[HBR] IFT for BFO Coil

waltah at earthlink.net waltah at earthlink.net
Sun Aug 15 11:52:10 EDT 2004


Darrell, WA5VGO wrote:

> Has anyone had any experience converting an I.F. transformer to a
> BFO coil? I have a 100 kC transformer. It has a 110 pF capacitor
> across the coil. I assume if I replace this with a 470 pF and 150
> pF in series, that this will keep the coil resonate and provide me
> with my feedback connection.
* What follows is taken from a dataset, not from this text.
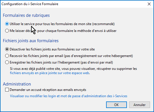, vous ouvrez cette fenêtre dans laquelle vous donnerez différentes indications. "Utiliser le i-service Formulaire" est sélectionné par défaut. Vous pouvez modifier la position des libellés et texte d'aide que vous avez mis en créant les champs.
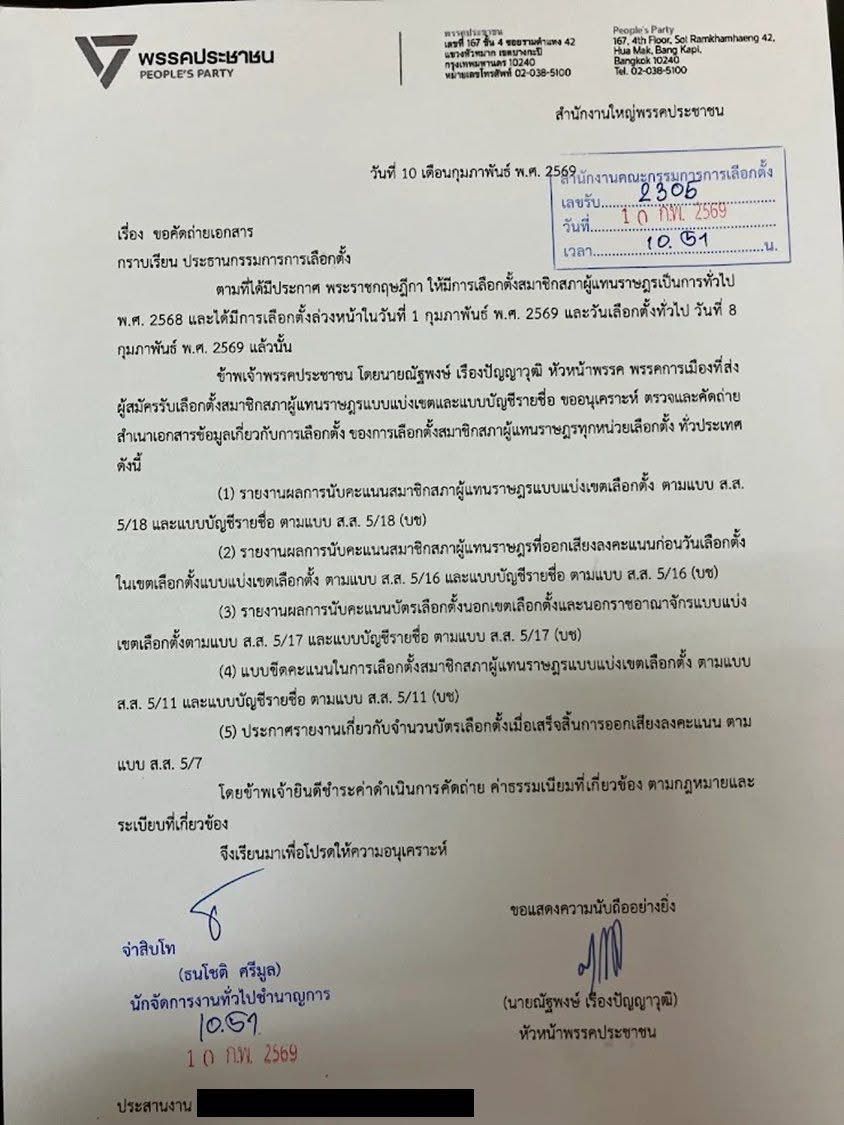 วันที่ 10 กุมภาพันธ์ 2569 นายกรุณพล เทียนสุวรรณ รองโฆษกพรรคประชาชน โพสต์ภาพหนังสือของพรรคประชาชน ลงนามโดยนายณัฐพงษ์ เรืองปัญญาวุฒิ หัวหน้าพรรคประชาชนถึงประธานคณะกรรมการการเลือกตั้ง สาระสำคัญเกี่ยวกับการขอคัดถ่ายเอกสาร โดยอ้างอิงการเลือกตั้งที่มีขึ้นในวันที่ 1 กุมภาพันธ์ และ 8 กุมภาพันธ์ 2569

Is it this simple? 

470 * 150 / (470 + 150) = 70,500 / 620 = 113.71   That's close 
enough!

Cap A *times* cap B divided by (cap A *plus* cap B) -- same 
formula as resistors in parallel.

That'll give you the tank circuit for a Colpitts oscillator.   In the 
traditional Colpitts the cathode of the tube would be connected to 
the junction of the two caps; you'd need a way to ground that for 
DC so the plate current has a place to go.  At higher frequencies a 
choke would work but the choke for 100 kcs is awkwardly large.    I 
suggest instead using a grounded-cathode variant of the Colpitts 
circuit: 

Ground the cathode of the tube directly, also the junction of the two 
capacitors as above.  

Feed the grid through a cap from the 150 mmf end of the coil -- I 
suppose 470 mmf or so, and this cap must handle the high voltage 
from which the stage will be run.   Grid leak as usual.   

Hook the other end of the coil to the plate of the tube directly.   
(Coil is at full plate voltage.)   Feed the plate through a resistor of 
100k, more or less according to power output requirements.   Any 
of the usual medium-mu triodes will work.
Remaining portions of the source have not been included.